--- Given information ---
►
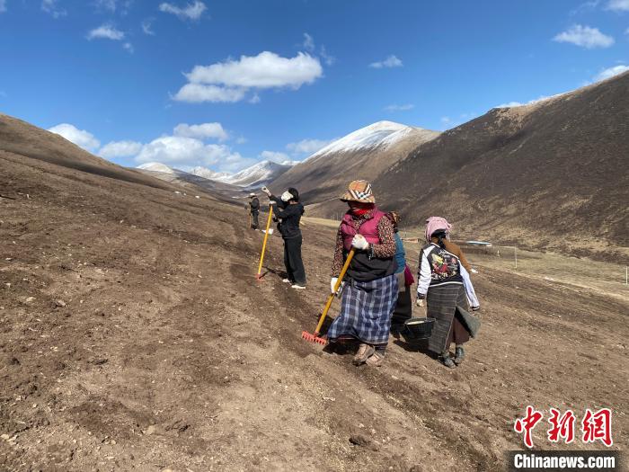“土壤、植物和動(dòng)物共同組成了完整的‘地球肌膚’系統(tǒng),恢復(fù)黑土灘需要針對(duì)不同生態(tài)層次進(jìn)行科學(xué)治理。”彭奎介紹,本次修復(fù)在今年四月進(jìn)行,首先針對(duì)土壤進(jìn)行淺刨溝、坡向垂直橫向條播,為播種創(chuàng)造合適的土壤條件,再選用披堿草、老芒麥、中華羊茅、冷地早熟禾、星星草、燕麥、紫羊茅7種本地草種,進(jìn)行比例混合,再為種子覆土,以有利于保持種子不被風(fēng)吹、流失和鳥(niǎo)類(lèi)“偷吃”,穩(wěn)定恢復(fù)植被生長(zhǎng)。
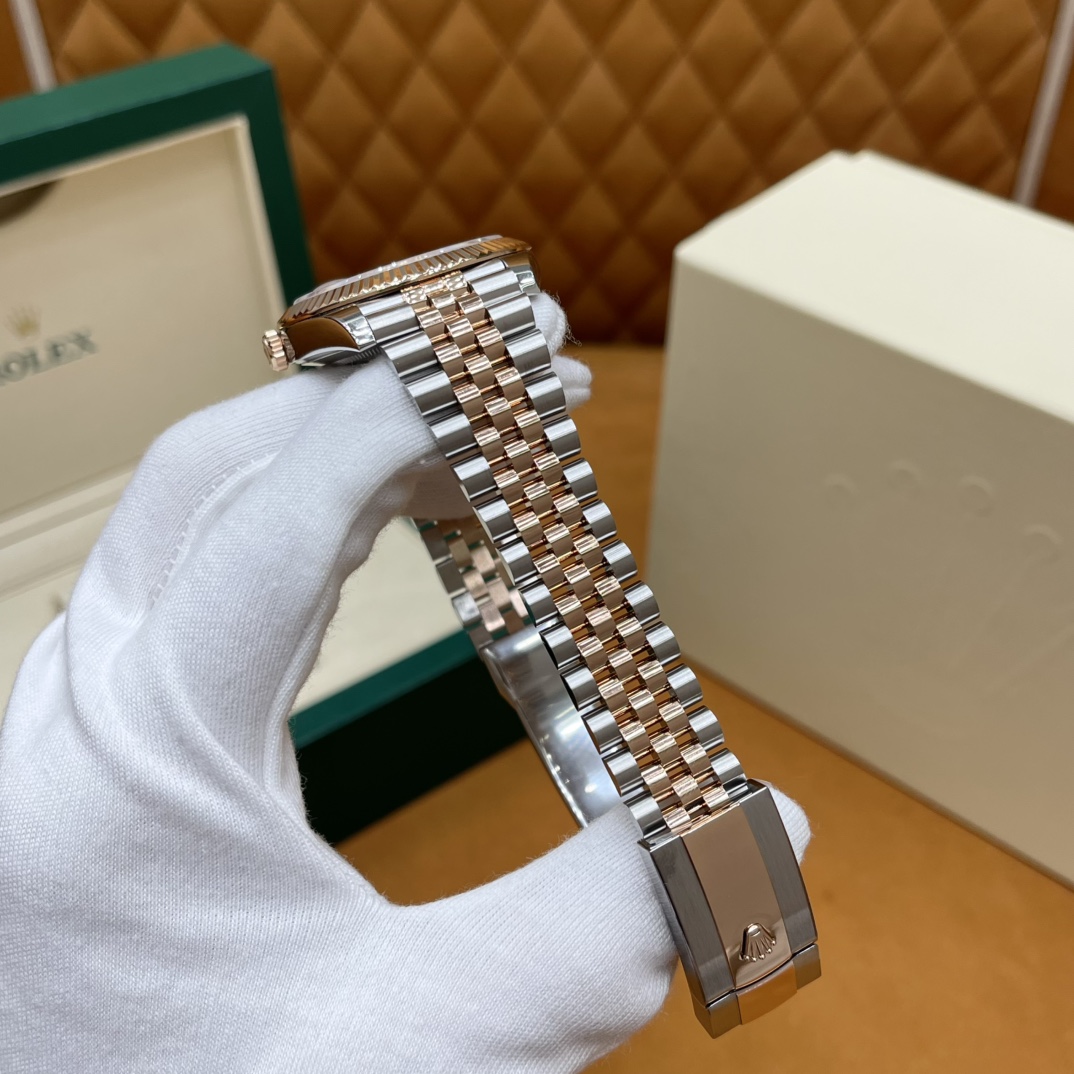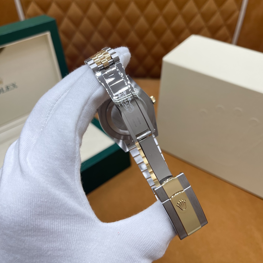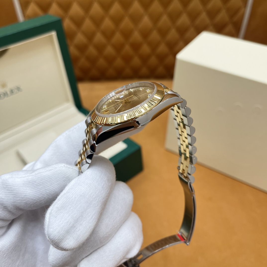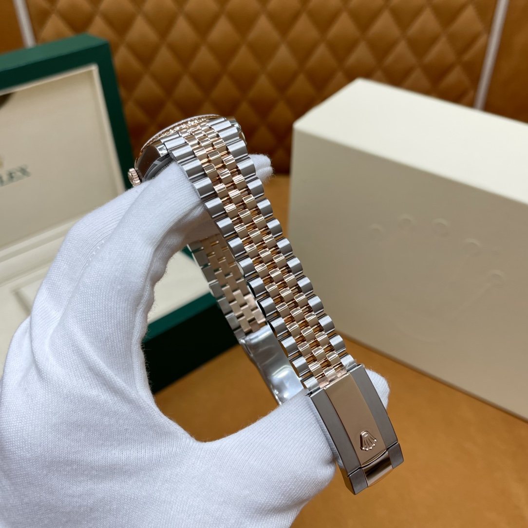 🏷️日志型 M126333-0012 | 五珠链间金香槟金盘 这款完美版香槟金盘日志,质感拉满,颜值炸裂!搭载原版定制3235自动机械机芯,动力储存稳定强悍,走时精准可靠。表壳与表带采用 904L精钢,坚固耐用,推拉顺滑,触感丝滑。电镀18K金三角坑纹外圈,光泽细腻,持久耐用,不易掉色! 香槟金太阳纹表盘,简约大气,经典百搭,怎么看都耐看!搭配 防反光凸透式放大日历窗,日历字体对版清晰,每个数字精细打磨,随时轻松读取。独特 龟壳外观开合方式,锁扣紧密,佩戴安全感满满! 经典五珠链表带,贴合手腕,舒适服帖,劳家的独特韵味尽显。搭配 防刮损蓝水晶玻璃,日常佩戴无惧刮花,生活防水,随心驾驭! 这款间金黑盘日志,既有绅士风度,又不失奢华质感,沉稳又有排面! 尺寸:41mm
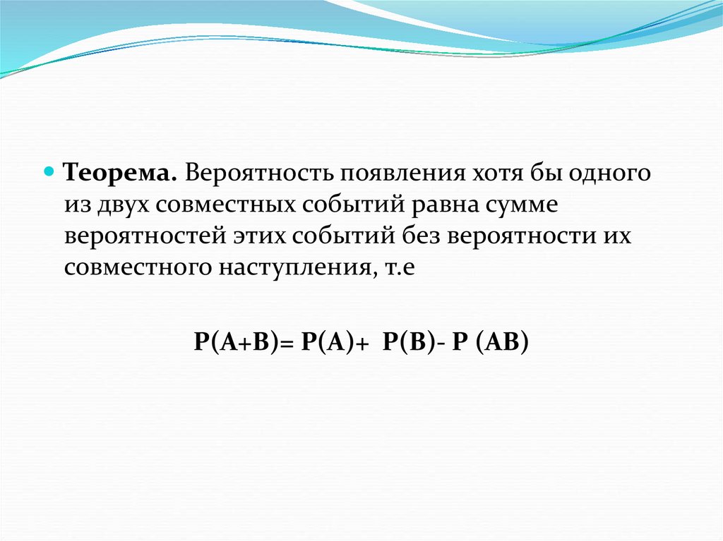 Теорема. Вероятность появления хотя бы одногоиз двух совместных событий равна сумме
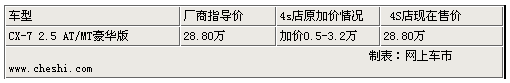 作為一款具有跑車化外觀和馬自達(dá)操控DNA的中型SUV,馬自達(dá)CX-7自去年11月上市以來一直備受關(guān)注。根據(jù)網(wǎng)上車市價格監(jiān)測系統(tǒng)顯示,自CX-7上市以來,各4S店一直持續(xù)提現(xiàn)車加價0.5萬-3.2萬元,而近期北京馬自達(dá)4S店出現(xiàn)了平價銷售現(xiàn)象,售價為廠商指導(dǎo)價28.8萬,少量現(xiàn)車供應(yīng)。具體車型價格如下:
◄
--- Task item ---
Beginning with the line where "M126333-0012 | 五珠链间金香槟金盘" appears, restate word for word every line down to the last one in the data, but keep the pictures out.

--- Task result ---
 🏷️日志型 M126333-0012 | 五珠链间金香槟金盘 这款完美版香槟金盘日志,质感拉满,颜值炸裂!搭载原版定制3235自动机械机芯,动力储存稳定强悍,走时精准可靠。表壳与表带采用 904L精钢,坚固耐用,推拉顺滑,触感丝滑。电镀18K金三角坑纹外圈,光泽细腻,持久耐用,不易掉色! 香槟金太阳纹表盘,简约大气,经典百搭,怎么看都耐看!搭配 防反光凸透式放大日历窗,日历字体对版清晰,每个数字精细打磨,随时轻松读取。独特 龟壳外观开合方式,锁扣紧密,佩戴安全感满满! 经典五珠链表带,贴合手腕,舒适服帖,劳家的独特韵味尽显。搭配 防刮损蓝水晶玻璃,日常佩戴无惧刮花,生活防水,随心驾驭! 这款间金黑盘日志,既有绅士风度,又不失奢华质感,沉稳又有排面! 尺寸:41mm
 Теорема. Вероятность появления хотя бы одногоиз двух совместных событий равна сумме
 作為一款具有跑車化外觀和馬自達(dá)操控DNA的中型SUV,馬自達(dá)CX-7自去年11月上市以來一直備受關(guān)注。根據(jù)網(wǎng)上車市價格監(jiān)測系統(tǒng)顯示,自CX-7上市以來,各4S店一直持續(xù)提現(xiàn)車加價0.5萬-3.2萬元,而近期北京馬自達(dá)4S店出現(xiàn)了平價銷售現(xiàn)象,售價為廠商指導(dǎo)價28.8萬,少量現(xiàn)車供應(yīng)。具體車型價格如下:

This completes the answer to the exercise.